The amendment to the 2013 appropriations bill, which would have prohibited the department from using funds to close the branches in Atlanta, Cleveland, Dallas and Philadelphia, failed 189-235 in a recorded vote. It was sponsored by Rep. John Lewis (D-Ga.) and co-sponsored by Rep. Hank Johnson (D-Ga.).
Lewis argued on the floor that the closures will not save the $8 million the department has projected it will and would deplete the department of the resources needed to carry out antitrust investigations in those regions. Under pressure to reduce spending with a strained budget, the department announced  it would consolidate the offices in 2011 and that the 94 positions in those offices would be reassigned to the remaining offices. A department spokesperson could not immediately be reached for comment on Friday, but officials have said previously that the closures will not affect enforcement.

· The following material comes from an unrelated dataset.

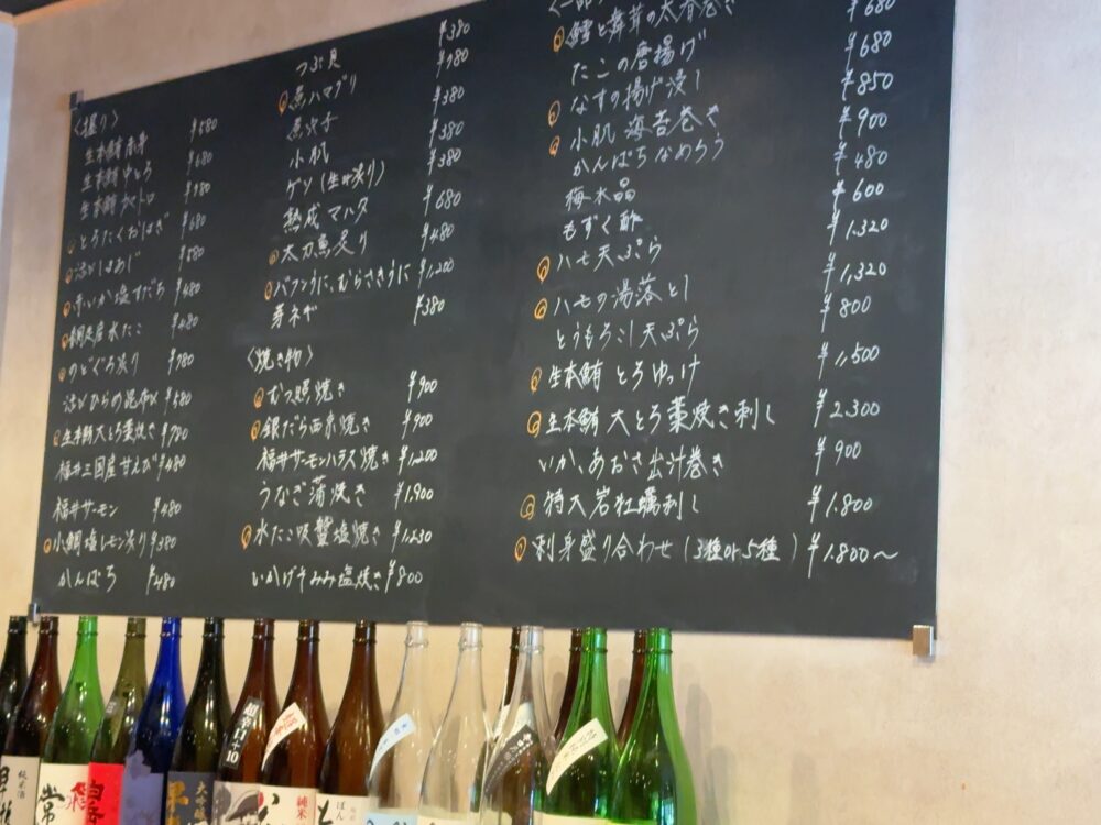 座って右側には黒板に一品メニューが書かれていた。

“Over the past 11 years, the Atlanta field office alone brought in over $265 million in fines and restitution,” Lewis said on the House floor Wednesday night. “Let me be clear that is a 600 percent rate of return on this investment. What better proof do you need?”
The amendment was also supported by Rep. Sanford Bishop (D-Ga.).
“I’m deeply concerned that this action will seriously undermine the division’s ability to enforce antitrust laws by limiting the boots on the ground,” Bishop said on the floor.
After the original failed voice vote, Rep. Frank Wolf (R-Va.), Chairman of the House Appropriations subcommittee on Commerce, Justice and science, said he would arrange a meeting between the individuals who spoke for the amendment and the department.
Wolf spokesman Dan Scandling confirmed Wolf’s office was in the process of setting up the meeting. Scandling declined to comment on what outcome Wolf was hoping to see from the meetings. Wolf opposed the amendment on the House floor.
“This was not done by our committee,” Wolf said Wednesday night. “This was done by the Justice Department, by the administration.”
The amendment vote came a few weeks after Sen. Herb Kohl (D-Wis.) sent a letter  to the DOJ urging the leadership to keep the offices open, citing that $6 million of the $8 million expected to be saved would be from personnel leaving the department, as well as the millions to be paid to the Treasury Department as the result of criminal fines.
Antitrust Division leaders from all but one field office wrote a letter to former Assistant Attorney General Sharis Pozen in Feburary, asking the department to keep the offices open.
Correction May 14, 2012: This article initially misidentified Sen. Herb Kohl. Main Justice regrets the error.